Das Forum Mobilkommunikation über die Studienlage zu Krebs
FMK Kronzeugin Aloe VeraAloe Vera, Bild Wikipedia

Die PR-Zentrale der österreichischen Mobilfunkindustrie, das FMK (Forum Mobilkommunikation) lässt im Bestreben, die Mobilfunkstrahlung gesund zu beten, kein Fettnäpfchen aus. Für den Beweis, dass Mobilfunkstrahlung nichts mit Krebs zu tun habe, hat sie als stumme Kronzeugin die Pflanze Aloe Vera gefunden. 

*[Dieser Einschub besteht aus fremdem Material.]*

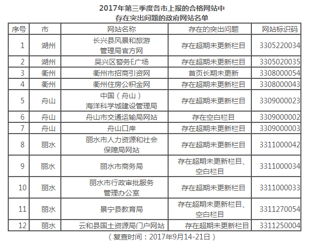 3.2017年第三季度各市上報(bào)的合格網(wǎng)站中存在突出問(wèn)題的政府網(wǎng)站名單

Der Anlass: Im Onlineportal www.heute.at äußerte sich am 10.04.2023 der Umweltmediziner Prof. Hans-Peter Hutter zu den Risiken von 5G und wies darauf hin, dass die WHO die Mobilfunkstrahlung als möglicherweise krebserregend in der Kategorie "2B" einstuft.[1] Das FMK reagierte am nächsten Tag. Hutter liege falsch, und als "Beweis" zauberte das FMK einen alten Textbaustein aus dem Hut: In „2B“ sei auch Aloe Vera. So harmlos wie diese Pflanze sei also auch die Strahlung. Ein ganz schöner Schmäh, der da aus der Wiener Mobilfunkzentrale kommt.

Amnesie oder Kalkül?

Im Jahr 2011 hat die IARC der WHO mit nur einer Gegenstimme nicht-ionisierende Strahlung als möglicherweise krebserregend (possibly carcinogenic) in "2B" eingestuft, >> hier zum Originaldokument.[2] FMK Chef Wagner nimmt sich wohl Donald Trump zum Vorbild: Einfach mal das faktenfreie Gegenteil behaupten. Die FMK schreibt:

  •  „Umweltmediziner Hans-Peter Hutter zitiert WHO in Bezug auf 5G Mobilfunk falsch", denn "5G ist „so gefährlich“ wie Aloe Vera ... Hutter meint weiters, die Studienlage sei nicht eindeutig – zumindest steht das so in dem Artikel, die Krebsforschungsagentur der WHO habe „Mobilfunkstrahlung als potenziell krebserregend eingestuft“. Das ist falsch ...“.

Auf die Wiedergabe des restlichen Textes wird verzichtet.